Der große Badnjak wurde vom "Pop" (Priester/Pastor) angezündet und von der Kirche wurde
kostenlos heißer Rakija (Schnaps), warmer Rotwein, Softgetränke und Fisch angeboten. Als ich
den Fisch probierte freuten meine Bekannten sich, dass ich offen bin Neues auszuprobieren. Der
heiße Rotwein mundete ebenfalls und schmeckt anders als der deutsche Glühwein, der viele
Zusätze enthält. Auch wenn der hausgemachte Rakija eine Spezialität der Balkanländer ist- es ist
nicht meins, egal ob zimmertemperatur oder heißgemacht. Nach dem Anzünden des Badnjaks
und dem Glockengeläute führten zwei Gruppen Jugendlicher den Volkstanz "Kolo" auf. Es
herrschte eine warme, freudige und offene Atmosphäre.

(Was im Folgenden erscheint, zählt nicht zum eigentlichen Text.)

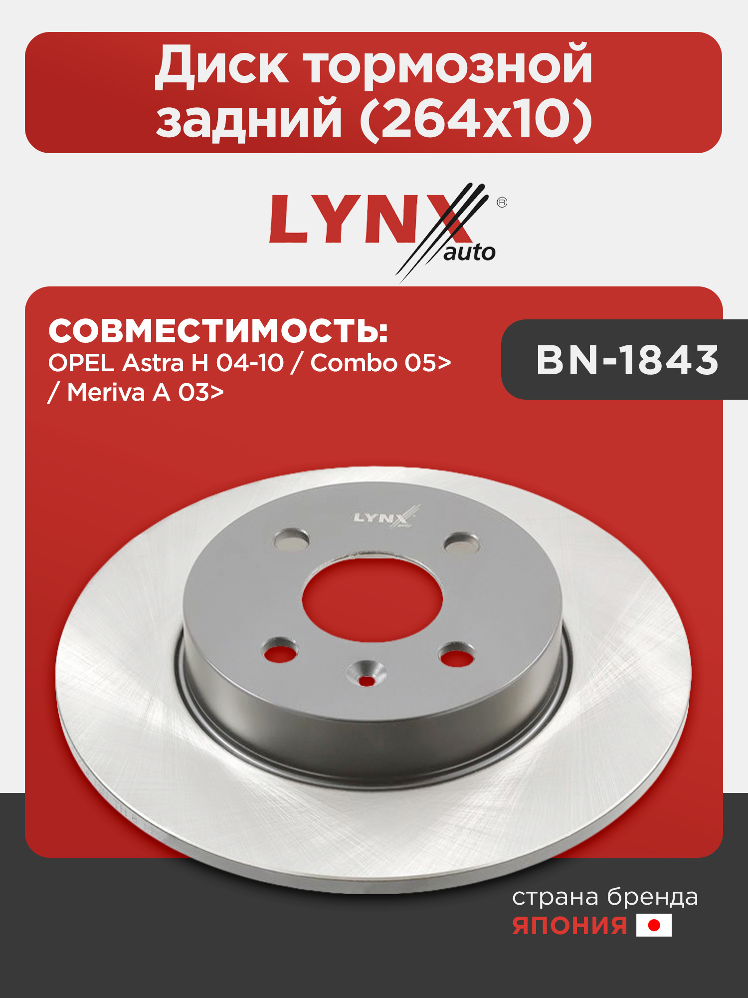 Диск тормозной задний (264x10) LYNXauto BN-1843. Для: OPEL Опель Astra(Астра) H 04-10 / Combo 05> / Meriva A 03>

Sehr schön traditionell, aber nicht
konservativ gemeint, sondern menschlich, traditionsbewusst und offen. Nach dem Kirchengang
verabschiedeten sich die jungen Leute und gingen aus und feierten. Man kann natürlich auch die
Weihnachtsliturgie in der Kirche um zehn Uhr besuchen, die um Mitternacht endet
(Weihnachtsbeginn). Am nächsten Morgen, dem 1.Weihnachtsfeiertag holte mich die Tochter der
Cousine meiner Freundin ab. Denn einen Abend vorher erhielt ich eine wundervolle Nachricht:
Ich solle als erstes das Haus der Cousine meiner Freundin betreten. In Serbien ist es am
1.Weihnachtsfeiertag Brauch, dass jemand, der positiv, herzlich, warm und rein im Herzen ist, als
Erster das Haus betreten soll. Dies ist eine Art Omen für das ganze kommende Jahr für die
Familie und das Haus. Als ich dies erfahren habe, stand ich den Tränen nah, denn es ist ein
riesen Kompliment und eine Ehre. Also gingen wir zu dem Haus der Cousine meiner Freundin.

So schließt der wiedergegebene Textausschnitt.